= Problem =
Your answer must be exactly the lines from the one containing "Engage and Satisfy" through the end of the material, both ends included, without pictures.

= Information provided =
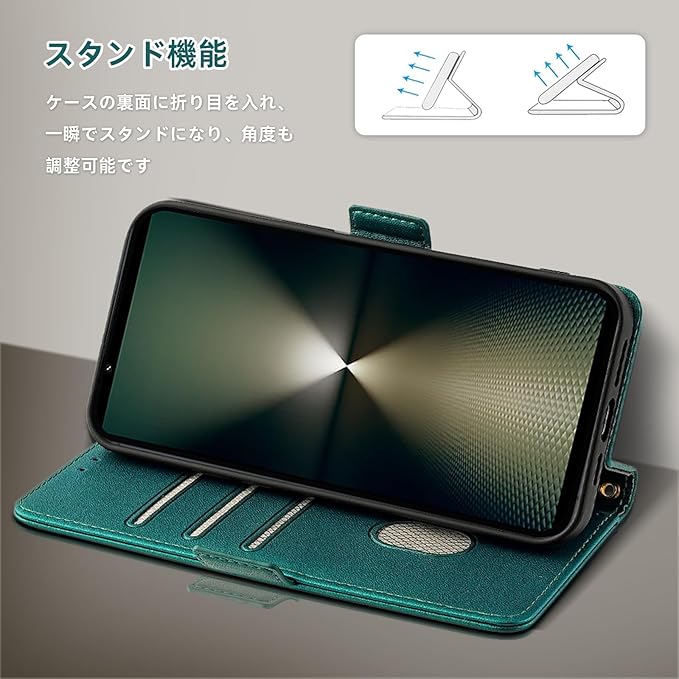 RanBluu コンパチブル Sony Xperia 1 VI ケース 手帳型 ソニー エクスぺリア 1 VI 用 高級PUレザーケース カバー スマホケース 財布型 カード収納 マグネット カメラ保護 横置きスタンド機能 ストラップ付き 耐摩擦 耐衝撃 全面保護(Sony Xperia 1 VI 対応 グリーン)
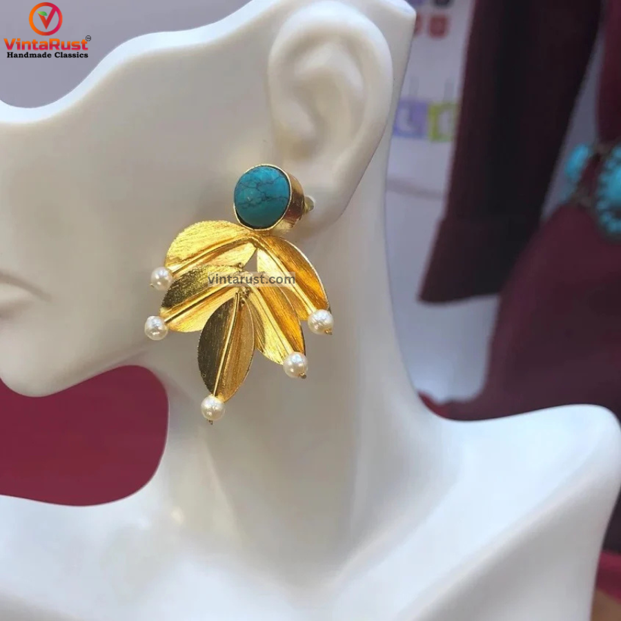 Whenever you will wear these elegant earrings, you will feel adorable. You can give these earrings as a gift to your special ones to make them feel special. The turquoise stones add a pop of color and contrast against the metal, making these earrings a statement piece that will easily elevate any outfit. The earrings are lightweight and comfortable to wear, making them perfect for everyday wear or special occasions. With their timeless elegance and exceptional craftsmanship, the Floral Turquoise Earrings are a must-have for any jewelry collection.
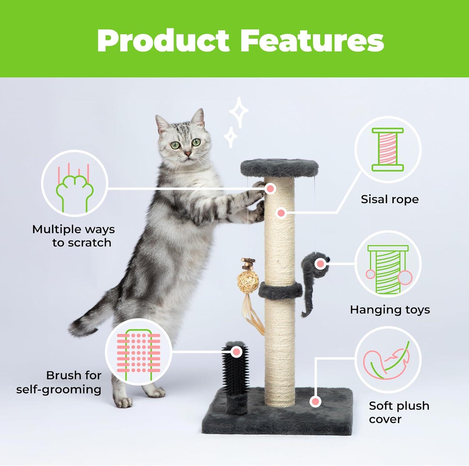 Engage and Satisfy with a Simple Tool: This scratching post for indoor cats adults blends seamlessly with toys to captivate your pet's attention for hours. It is also equipped with a brush to enable your cats to gently groom themselves. Engage your pet without complex toys or extensive interventions, addressing their needs and ensuring their happiness with a simple, effective means to improve their living environment
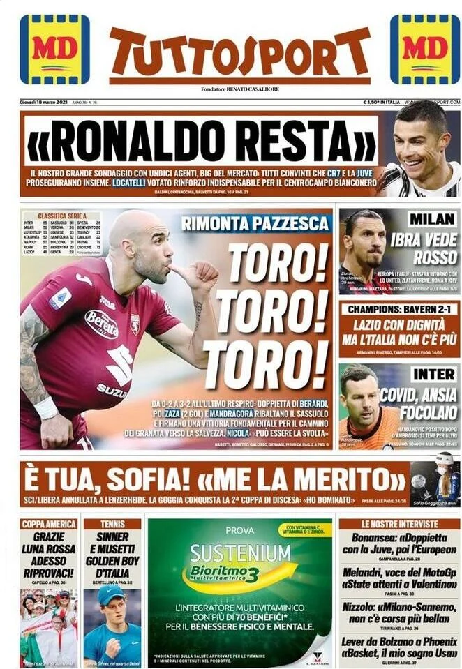 Не зраджує собі TuttoSport. Для туринського видання несуттєве все, що відбувається за межами П'ємонту. Матч аутсайдера Серії А? Хороший варіант для центрального місця на передовиці! Якщо без сарказму, то "бики" справді заслуговують на увагу, оскільки здійснили маленьке диво, відігравшись після 0:2. Однак можна це висвітлити з меншим розмахом.
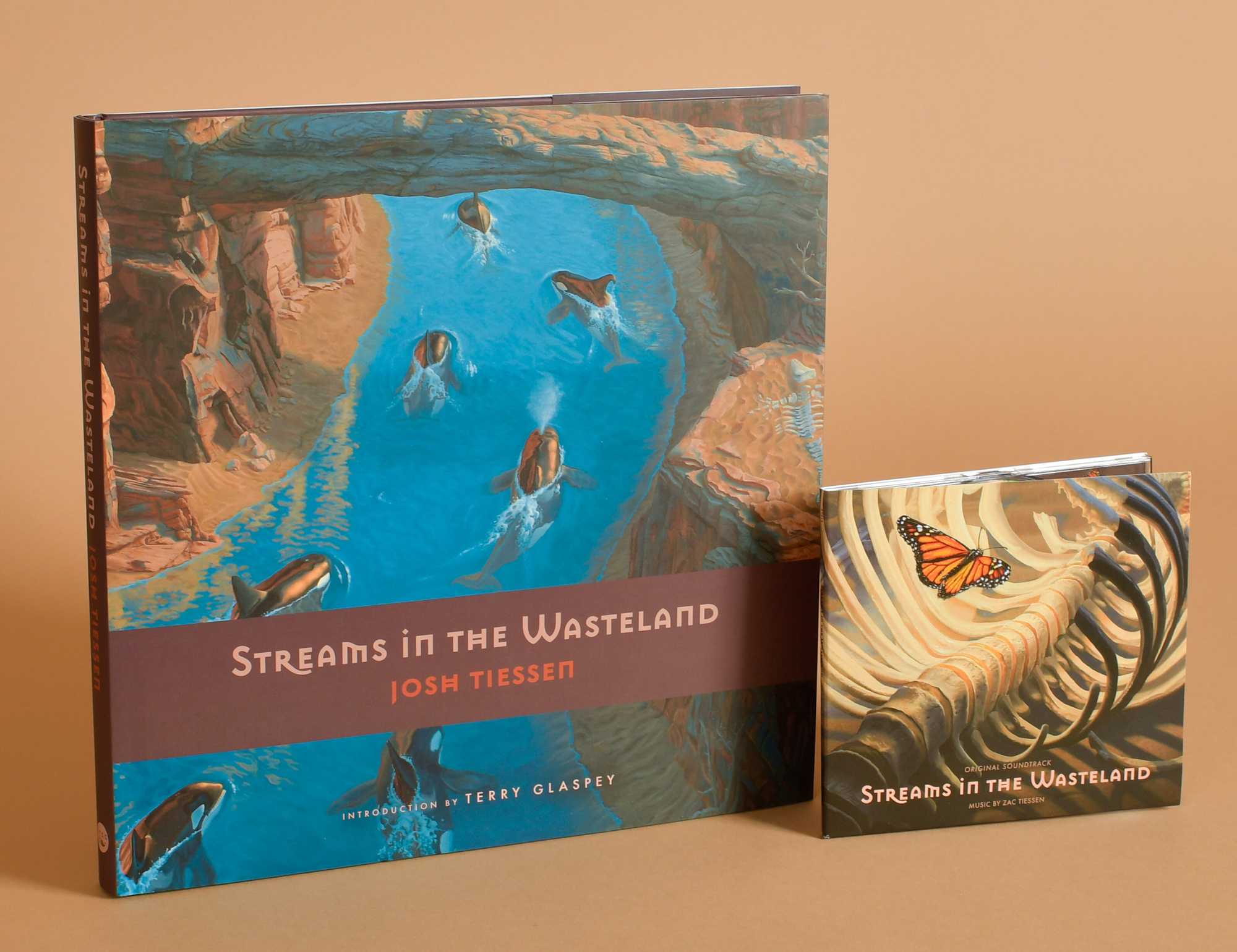 Tiessen has self-published a hardcover, glossy-paged, full-color book that collates all the works from Streams in the Wasteland, providing commentary on them (additional to that on his website), which includes engagement with scholarly interpretations of the Isaiah passages. Through sketches and more, he sheds light on his artistic process and also provides autobiographical information. The book comes with a CD of instrumental compositions by his brother Zac Tiessen that respond to each of the paintings—an atmospheric soundscape. It would make a great gift.

= Exercise result =
 Engage and Satisfy with a Simple Tool: This scratching post for indoor cats adults blends seamlessly with toys to captivate your pet's attention for hours. It is also equipped with a brush to enable your cats to gently groom themselves. Engage your pet without complex toys or extensive interventions, addressing their needs and ensuring their happiness with a simple, effective means to improve their living environment
 Не зраджує собі TuttoSport. Для туринського видання несуттєве все, що відбувається за межами П'ємонту. Матч аутсайдера Серії А? Хороший варіант для центрального місця на передовиці! Якщо без сарказму, то "бики" справді заслуговують на увагу, оскільки здійснили маленьке диво, відігравшись після 0:2. Однак можна це висвітлити з меншим розмахом.
 Tiessen has self-published a hardcover, glossy-paged, full-color book that collates all the works from Streams in the Wasteland, providing commentary on them (additional to that on his website), which includes engagement with scholarly interpretations of the Isaiah passages. Through sketches and more, he sheds light on his artistic process and also provides autobiographical information. The book comes with a CD of instrumental compositions by his brother Zac Tiessen that respond to each of the paintings—an atmospheric soundscape. It would make a great gift.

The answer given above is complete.